=== Dataset excerpts ===
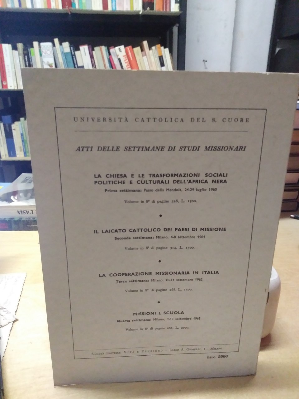 università cattolica del sacro cuore missioni e scuola atti della quarta settimana di studi missionari . Milano, vita e pensiero 1964 italiano, pp.258 buono stato di conservazione
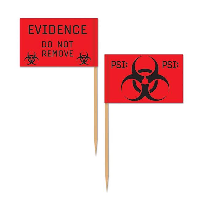 Wer eine Krimi Party feiern möchte oder für die Kids eine Detektiv Mottoparty planen möchte, der sollte sich für diese Flaggen-Picker entscheiden. Die Picker bestehen aus einer Flagge in Rot, welche in Schwarz mit "EVIDENCE do not remove" bedruckt sind. Das heißt so viel wie "Hinweis - bitte nicht entfernen". Denn Detektive brauchen Beweise um den Fall zu lösen und diese sollten nicht beseitigt werden. Die Picker werden im 50er Pack geliefert und haben eine Größe von ca. 4 x 6 cm.
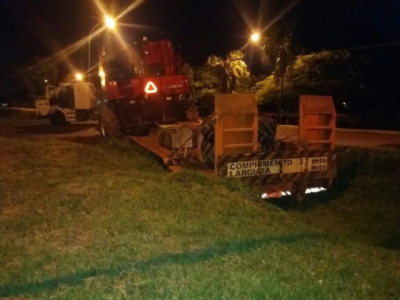 Chegando ao local a equipe se deparou com um veículo de grandes dimensões transportando uma máquina agrícola, o veículo havia saído da pista e repousado no bueiro do canteiro central divisor das pistas da rodovia BR 153, perímetro urbano de Gurupi, o veículo acidentou-se sozinho e ninguém ficou ferido.
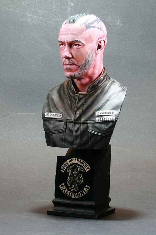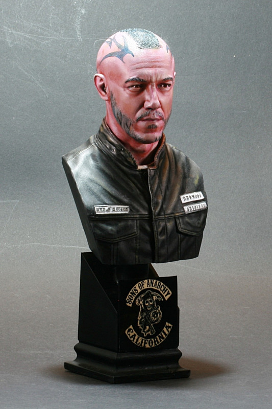 Hier hat sich bei der letzten Büste der Modelleur gedacht, er sculpted die Badges auf der Lederjacke mit, was ich aber persönlich nicht so gut finde. Ich wollte sie aber auch nicht abschleifen, weil sie bei meinem Sohn in der letzten Reihe steht. Juice Ortiz, gespielt von Theo Rossi, ist ja auch nur ein Anwärter. Hier habe ich zum ersten mal Tattoos gemalt, war eine echte Herausforderung für mich - das Ganze auch noch freihand! Da sind wir doch mal gespannt, ob noch mehr Charaktere aus der Serie gesculpted werden...
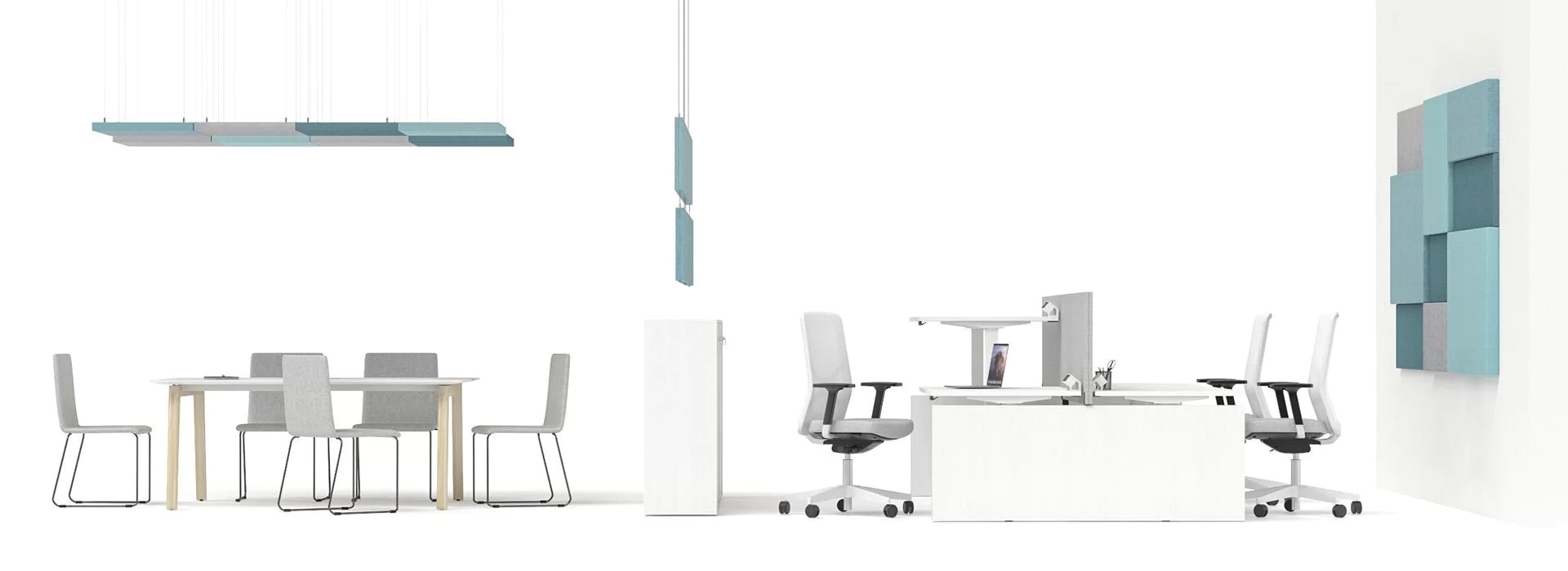 The MODUS acoustic panel system includes wall panels, horizontal ceiling panels, and vertical ceiling (double-sided) panels. Besides helping to create better acoustics in the office, they also serve as an excellent tool for creating spaces and subtle design solutions in the office.
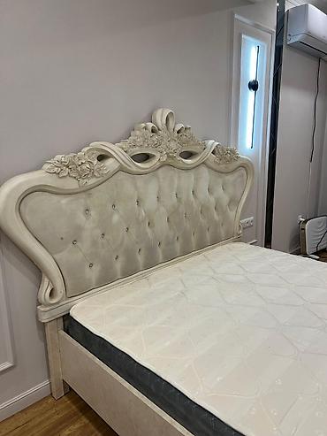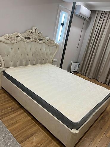 Двуспальная кровать, Б/у, С матрасом, длина - 200 см
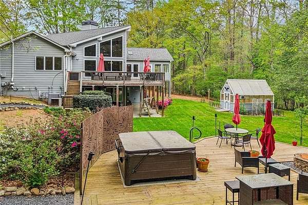 Tucked at the end of a quiet cul-de-sac in Lilburn, this extraordinary 5-acre retreat unfolds like a hidden nature preserve-rolling gently down to the banks of the Yellow River. Here, mornings begin with birdsong, afternoons invite wandering along private trails, and evenings settle in with deer grazing just beyond your view. It's a setting that feels far removed from the pace of daily life, yet you're just minutes from Decatur, Stone Mountain Park, and Atlanta. Inside, soaring walls of windows frame the landscape like living artwork, flooding the home with natural light and creating a constant connection to the outdoors. Multiple expansive decks and patios extend your living space into the treetops, offering countless places to gather, unwind, or simply take in the quiet rhythm of the river below. The property itself is where this home truly shines-five acres of usable green space with room to explore, garden, and play. A custom-built greenhouse stands ready for year-round growing, while RV parking with electrical hookups adds flexibility for guests or adventure-ready living. The finished basement provides the perfect backdrop for entertaining, game nights, or extended stays. Tucked within a community offering optional swim, tennis, and clubhouse amenities, this home blends the best of both worlds: a private wildlife sanctuary with the convenience of city proximity. A rare opportunity to own not just a home, but an experience-your own retreat in the city.
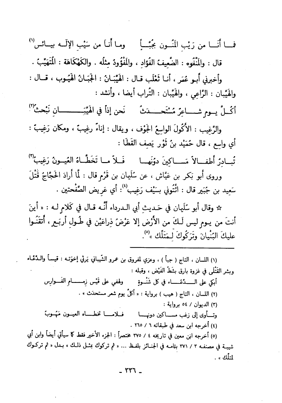 وأخبرني أبو عمر أنبأنا ثعلب قَالَ الهيبان الجبان الهيوب قَالَ: والهيبان الراعي والهيبان التراب أيضا وأنشد:
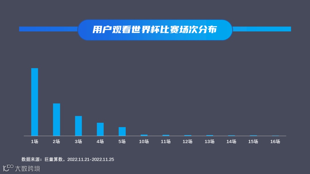 据统计,本届世界杯第一轮赛事从下午北京时间18点到凌晨3点,每隔3个小时就会有一场比赛。由于大部分用户的个人时间安排和赛事时间会有一定冲突,所以很难实现所有关注的比赛都观看。巨量算数数据显示,在第一轮16场比赛中,观看过1-3场比赛的用户达到76%,观看4-9场比赛的用户占比22%,观看过10场及以上比赛的用户占比超过2%,对于这类“铁杆球迷”而言,熬夜是常事,场场不落才是对世界杯最大的尊重。
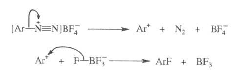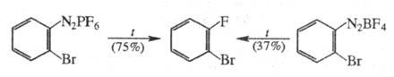 Для получения арилфторидов применяют также гексафторфосфаты, гексафторантимонаты и гексафторсиликаты арилдиазония; при этом выход конечного продукта повышается из-за стабильности и легкости выделения этих солей, напр.:
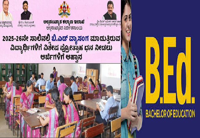 ಬೆಂಗಳೂರು : 2025-26ನೇ ಸಾಲಿನಲ್ಲಿ ಬಿ.ಎಡ್ ವ್ಯಾಸಂಗ ಮಾಡುತ್ತಿರುವ ವಿದ್ಯಾರ್ಥಿಗಳಿಗೆ ವಿಶೇಷ ಪ್ರೋತ್ಸಾಹ ಧನ ನೀಡಲು ಅರ್ಜಿಗಳಿಗೆ ಆಹ್ವಾನಿಸಿದೆ.
===
Exercise directions: Above is the material; set down exactly its lines from the one containing "Двуспальная кровать, Б/у, С" down to the one containing "Для получения арилфторидов", both included, leaving out any pictures.

Result:
 Двуспальная кровать, Б/у, С матрасом, длина - 200 см
 Tucked at the end of a quiet cul-de-sac in Lilburn, this extraordinary 5-acre retreat unfolds like a hidden nature preserve-rolling gently down to the banks of the Yellow River. Here, mornings begin with birdsong, afternoons invite wandering along private trails, and evenings settle in with deer grazing just beyond your view. It's a setting that feels far removed from the pace of daily life, yet you're just minutes from Decatur, Stone Mountain Park, and Atlanta. Inside, soaring walls of windows frame the landscape like living artwork, flooding the home with natural light and creating a constant connection to the outdoors. Multiple expansive decks and patios extend your living space into the treetops, offering countless places to gather, unwind, or simply take in the quiet rhythm of the river below. The property itself is where this home truly shines-five acres of usable green space with room to explore, garden, and play. A custom-built greenhouse stands ready for year-round growing, while RV parking with electrical hookups adds flexibility for guests or adventure-ready living. The finished basement provides the perfect backdrop for entertaining, game nights, or extended stays. Tucked within a community offering optional swim, tennis, and clubhouse amenities, this home blends the best of both worlds: a private wildlife sanctuary with the convenience of city proximity. A rare opportunity to own not just a home, but an experience-your own retreat in the city.
 وأخبرني أبو عمر أنبأنا ثعلب قَالَ الهيبان الجبان الهيوب قَالَ: والهيبان الراعي والهيبان التراب أيضا وأنشد:
 据统计,本届世界杯第一轮赛事从下午北京时间18点到凌晨3点,每隔3个小时就会有一场比赛。由于大部分用户的个人时间安排和赛事时间会有一定冲突,所以很难实现所有关注的比赛都观看。巨量算数数据显示,在第一轮16场比赛中,观看过1-3场比赛的用户达到76%,观看4-9场比赛的用户占比22%,观看过10场及以上比赛的用户占比超过2%,对于这类“铁杆球迷”而言,熬夜是常事,场场不落才是对世界杯最大的尊重。
 Для получения арилфторидов применяют также гексафторфосфаты, гексафторантимонаты и гексафторсиликаты арилдиазония; при этом выход конечного продукта повышается из-за стабильности и легкости выделения этих солей, напр.:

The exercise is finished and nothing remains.